China has simplified investment approval procedures by removing 18 items from the list of required documents for enterprises, the country's top economic planner announced Wednesday, a move that analysts said will help to stimulate investment growth in the private sector.

The 18 items that will no longer be required for getting approval for investment projects include bank loan certificates, letters of intent for financing and credit certificates, the National Development and Reform Commission (NDRC) said in a statement published on its website Wednesday.

The decision was communicated to subordinate authorities on December 31 and came into effect the same day, the statement said.

The announcement from the NDRC came after a statement was released by the State Council on its website on December 29, which ordered related authorities and local governments to simplify investment approval procedures for companies.

The NDRC measure is also part of a series of reforms designed to boost investment.

Previously, on November 18, the State Council released a new regulation saying that a series of projects would no longer need to get approval from the central government.

News portal cnr.cn reported on the same day that the projects mentioned in the regulation accounted for three-quarters of projects that previously required approval from the central government.

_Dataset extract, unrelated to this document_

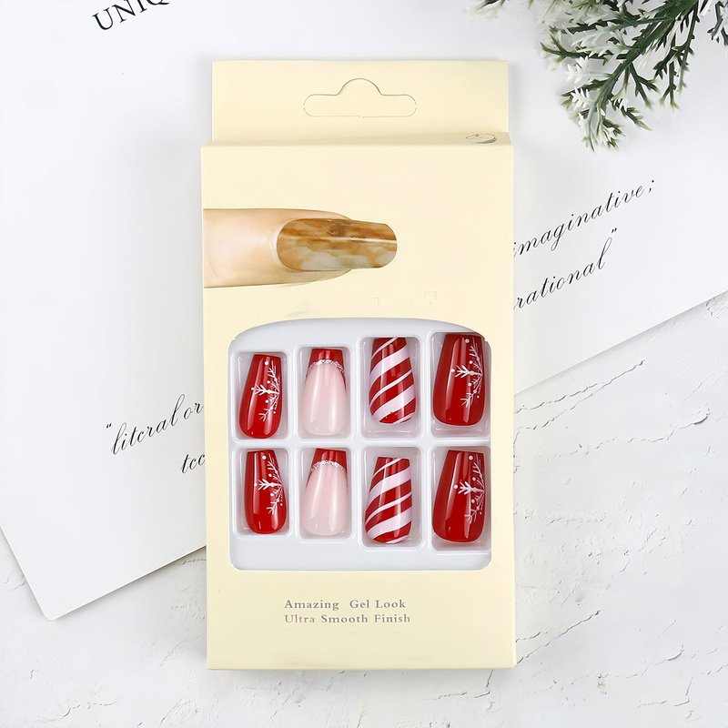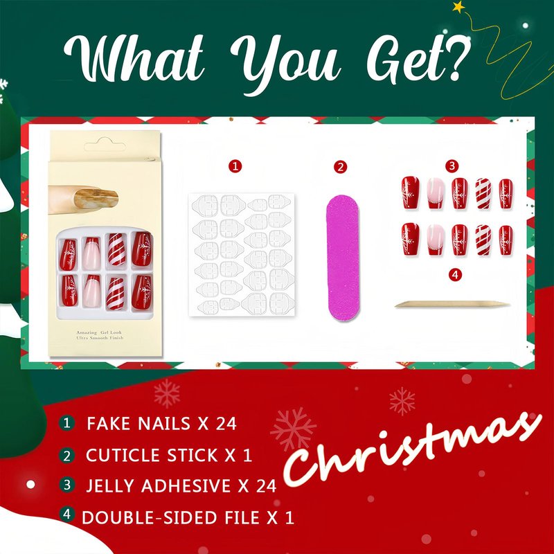 - Medium-Length Coffin Shape: The elegant coffin shape adds a modern, chic touch to your nails, making it a stylish choice for any occasion during the holiday season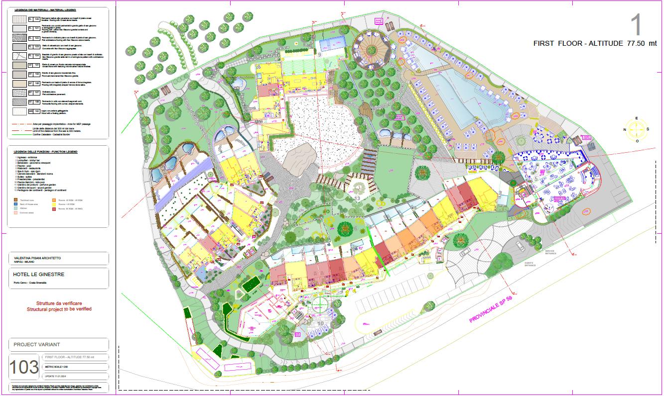 On a land of 16,000 square meters, a luxurios 5-star hotel is designed in Sardegna, Italy. I participated with two of my colleagues to transform all conceptual architectural drawings into construction working drawings including plans, sections, elevations, ceilings, detail design, doors and windows.

Li Zhangze, spokesman for the group spearheading the reforms under the State Council, said at a news conference held in Beijing on September 10 that the central government had scrapped or decentralized 632 administrative approvals since March 2013.

"The new reform by the NDRC will help to stimulate investment growth in the private sector," Zhang Bin, a research fellow at the Chinese Academy of Social Sciences, told the Global Times on Wednesday.

According to data from the National Bureau of Statistics (NBS) released on December 12, China's fixed-assets investment, seen as a major indicator of economic activity, increased by 15.8 percent in the first 11 months of 2014 year-on-year, the slowest growth in the past 13 years.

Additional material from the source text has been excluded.